Still, why did GM, along with Toyota and Fiat Chrysler, join the legal fight in the first place? The answer traces back to the tension between GM and the administration during Trump’s early days in office. The automaker was closing plants in the U.S., and the president was denouncing it via furious tweets.

“The safest pathway to stay on the amiable side of Washington politics was to fight California,” Carla Bailo argues. Ford, which at the same time announced new U.S. investments, was therefore in a better position and could negotiate with California for a new fuel economy rule without risking the president’s ire.

Now that Biden is preparing to return to stricter Obama-era fuel standards, GM may openly pursue its electric vehicles strategy. The manufacturer recently committed to spend $27 billion on EVs; for the first time, these expenditures will exceed its investment in petroleum-based vehicles.

GM could do so knowing that a 50-state model would save it money. When carmakers have two different CAFE (Corporate Average Fuel Economy) standards to follow, they are obliged to develop different engines, different hybrids, and different manufacturing methods. With only one standard, ““complexity goes down,” says Bailo, reducing costs.
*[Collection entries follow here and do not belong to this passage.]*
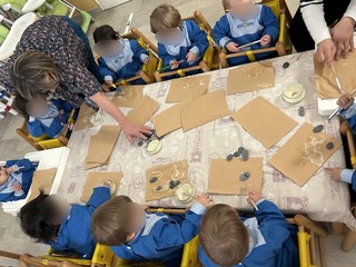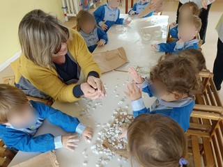 I piccoli hanno potuto sperimentare la tecnica del ‘risseau’ (in genovese ‘ciottoli’). Con l'utilizzo di una colla a base di acqua e farina i bambini hanno posato su una base di carta delle pietroline raccolte in spiaggia. Una volta asciugate, le sezioni di ciottoli verranno staccate dalla carta e incollate con una colla cementizia direttamente sulla base di legno nel quadro preparato per l'occasione.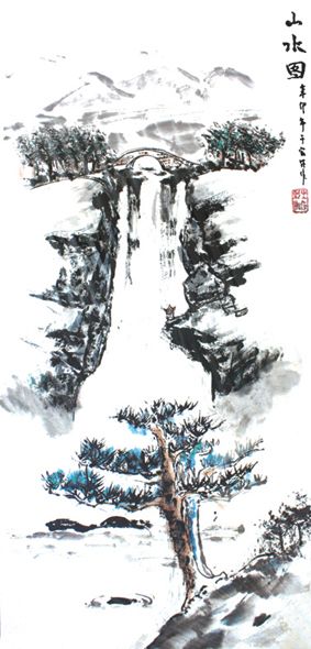 國(guó)畫:山水圖 作者:車隊(duì) 彭士凱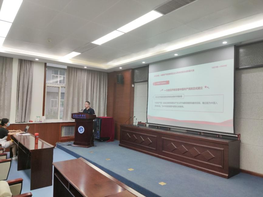 董元浩老师从党史学习教育目的——学党史,悟思想,办实事,开新局,引入课程内容,结合习近平总书记在庆祝中国共产党成立100周年大会上的讲话、中共中央关于党的百年奋斗重大成就和历史经验的决议等内容展开,将中国共产党的历史划分为新民主主义革命时期(1921年-1949年)、社会主义革命和建设时期(1949年-1978年)、改革开放和社会主义现代化建设时期(1978年-2012年)和中国特色社会主义新时代(2012年至今)四个时期,分别阐述了党在不同时期面临的重大困难和严峻考验、完成的主要任务和取得的重大成就。最后,他还从13个方面简要说明了党的百年奋斗的宝贵经验。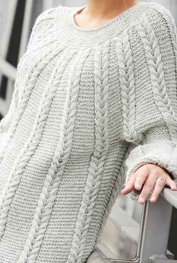 Die Zopfstreifen des mintgrünen Sweaters treten durch das voluminöse Baumwoll-Alpaka-Garn eindrucksvoll in den Vordergrund und setzen sich auf Brusthöhe als Rundpasse fort. Das kuschelweiche,fedrig leichte Garn hat einen interessanten Melange-Effekt und gleitet super über die Nadeln. Bis zum Beginn der tiefen Rundpasse, werden Vorder- und Rückteil sowie die Ärmel separat gestrickt, dann auf einer Rundstricknadel in Runden weitergearbeitet; es gibt also nicht viele Nähte zum Zusammennähen. Die Zöpfe aus langgezogenen Maschen werden durch Kraus-rechts-Streifen voneinander getrennt. Das Ende der Passe bildet eine kraus-rechts und glatt rechts gestrickte Blende. Anleitung in Größe 38/40.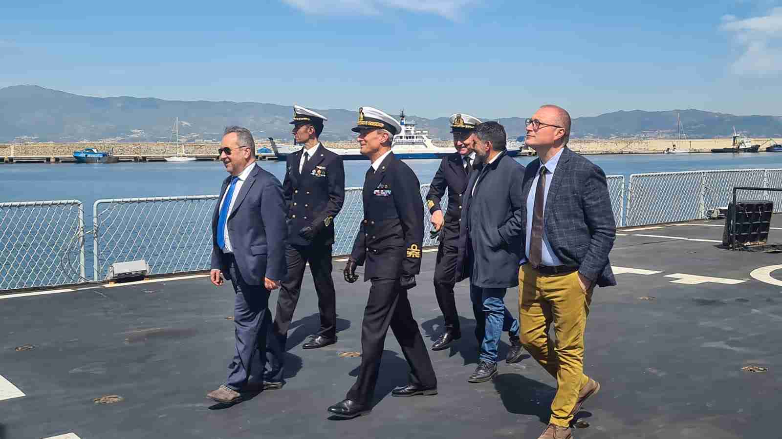 «Un grande onore per noi poter accogliere un’unità navale così prestigiosa – hanno affermato – simbolo dell’impegno della Marina Militare Italiana nelle acque del Mediterraneo ed in tutto il mondo, per la sicurezza e la pace tra i popoli. Un omaggio doveroso da parte nostra all’attività di tanti uomini e donne, in questa occasione rappresentati dal Contrammiraglio Frumento e dal Comandante Fancellu, che sono al servizio della sicurezza nazionale, anche in un momento delicato come quello che l’Europa ed il mondo intero stanno attraversando».

The development of a new vehicle has always been a major expense, ranging from $600 million for a small car to $1 billion for a pickup truck. But the new platforms, or basic structural designs, created for EVs, called “skateboards,” may be standardized. Sedans and crossovers will use identical battery and chassis components. This serves to bring down the overall expense.

Currently, US manufacturers lag the rest of the world on the electric front, but a renewed commitment to solo rules could help them catch up with other global automakers.